Perhaps the most positive news came this month from the United States, where the Mellon Foundation has extended its already considerable support for the academic monograph by awarding a two-year grant worth nearly one million dollars to the John Hopkins University for the development and deployment of MUSE Open, an Open Access platform aggregating monographs in the humanities and social sciences. Working in collaboration with partners Brilliant Experience and the Collaborative Knowledge Foundation, the university’s Project MUSE will help increase the exposure of open access monographs by making them available and discoverable to its 23 million unique annual visitors.
It’s been a particularly busy month for university presses. Liverpool University Press has announced the acquisition of around 400 titles from Casemate/Oxbow’s Aris & Phillips imprint, including both backlist and forthcoming titles. The majority are facing-page translations of Classics or Hispanic texts with detailed introductions and commentaries, which Press MD Anthony Cond suggested should complement the Press’s existing strengths in classics and modern languages.
Oxford University Press has released its Annual Report for 2015/16. Though profits for the year ending March 2016 declined slightly from £85.5m to £74.8m, on a turnover of £781m, the Press was still able to make a contribution of £45m to its parent university. A drop in demand for ebooks, squeezed library budgets, and changes in library ordering behaviour all contributed to a challenging environment for academic books, but journals continued to grow, and the Press published its first USB-only medical title: the Manual of Neurological Signs, comprising more than a thousand neurology videos.
Cambridge University Press has announced new support for Text and Data Mining (TDM), allowing non-commercial users to mine any of its academic journal and book content that they are authorised to access; the results may be made available publicly provided that no original content is reproduced beyond what is allowed by copyright law.
Policy Press, based in the University of Bristol’s Faculty of Social Sciences and Law, celebrated its twentieth anniversary with a party for authors, staff, and supporters at the university’s Goldney Hall. Publishing 120 titles and 7 journals each year, the press is now well-established as a major player and innovator in the field of social sciences. Founder and director Alison Shaw thanked the university for its continuing support of a press that, she confessed, it had never actually asked her to establish, and whose many successes have included being named the IPG’s Independent Publisher of the Year award earlier this year.
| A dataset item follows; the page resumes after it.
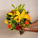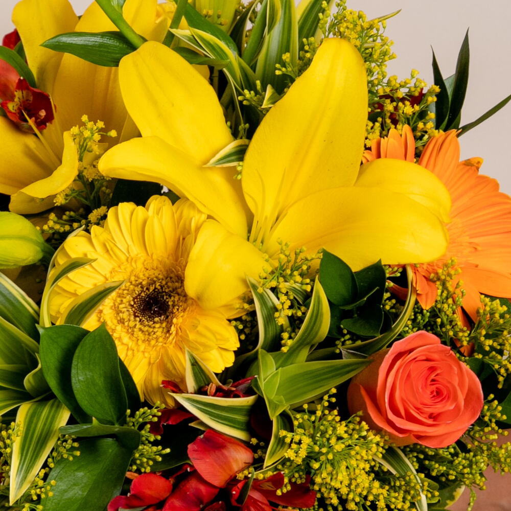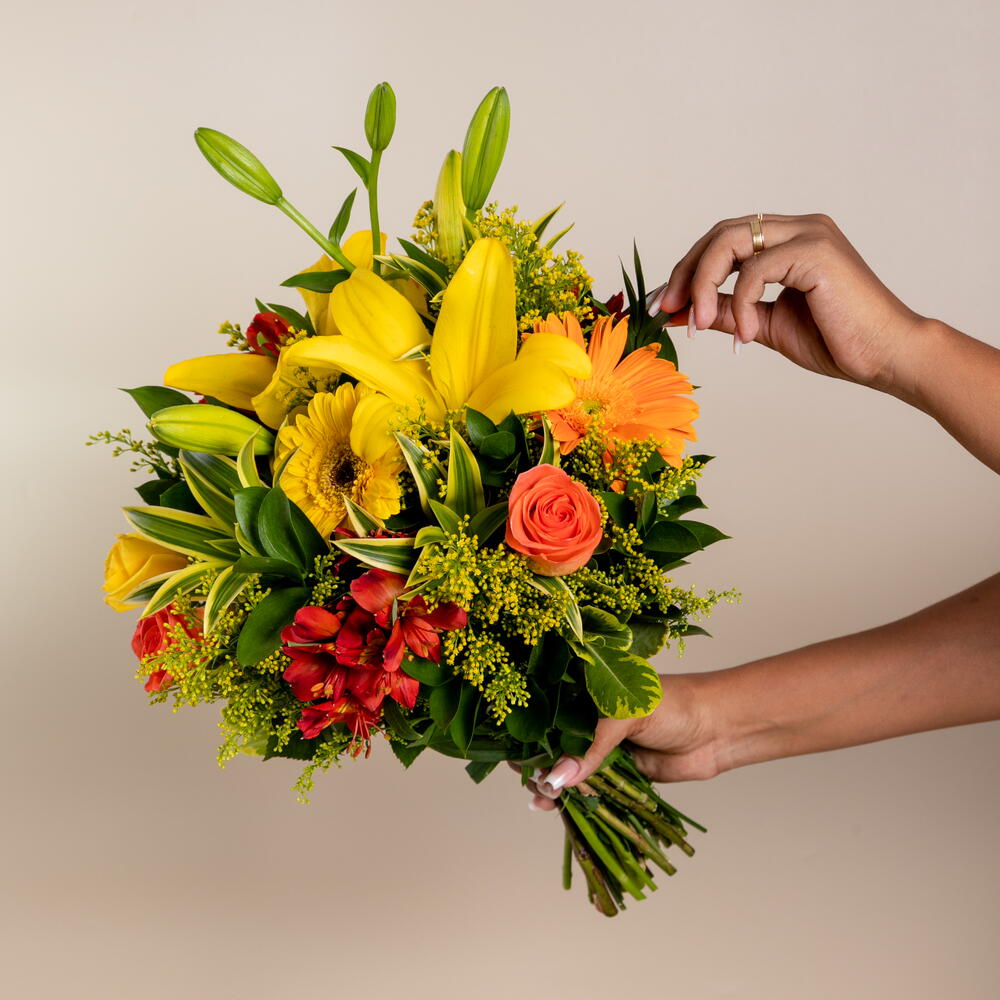Encantador, elegante e marcante! Nosso buquê é composto por rosas, gérberas, astromélias e lírios em tons de amarelo, laranja e vermelho. Com folhagens nobres e embalagem especial, nosso buquê é confeccionado por nossos floristas e entregue para quem você ama com todo cuidado e carinho.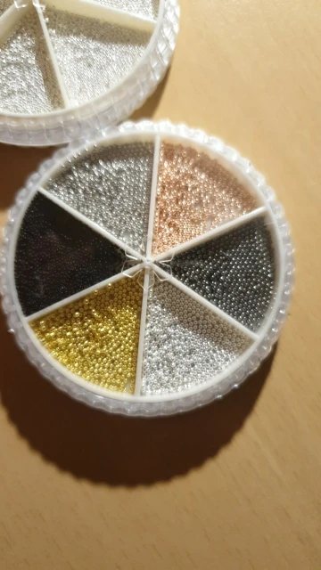 отличное качество, всё как на картинке. брала набор бусин ассорти всех цветов и набор серябряных бусин разного размера.в наборе ассорти одного среднего размера, кроме черных, они разного.от мелких крупинок до средних. все бусины металлические, проверяда магнитом, кроме чёрных, чёрные стеклянной основы, но сами выглядят как черная икра, плотного цвета, без просвета и погрешностей в окраске. шли с 23.10 - 27.12.2020 до мо. с продавцом не общалась.

The growing trend towards pre-print servers in the ‘hard’ sciences as a means of making research more widely available ahead of formal publication – with bioRxiv for Biology, and arXiv covering Physics, Mathematics, and Computer Science – has now spread into the social sciences with the launch of SocArXiv, developed by a committee of sociologists and librarians in partnership with the Center for Open Science’s Open Science Framework. The first phase of the project will incorporate free and open registration, uploading, and reading; discussion, analytics and social sharing; future plans include post-publication peer review, and the development of open access electronic journals.
Finally, Bloomsbury has announced two notable new additions to its Drama Online digital collection, as part of an intended doubling of the video content available on the platform. On the 400th anniversary of Shakespeare’s death, the two Hollow Crown series of filmed adaptations of his history plays – comprising Richard II, Henry IV parts one and two, and Henry V; and Richard III, and Henry VI parts one and two, respectively – will be added to the resource this autumn, along with a collection of films from BBC Drama, including works from Sophocles to Strindberg, Ibsen and George Bernard Shaw.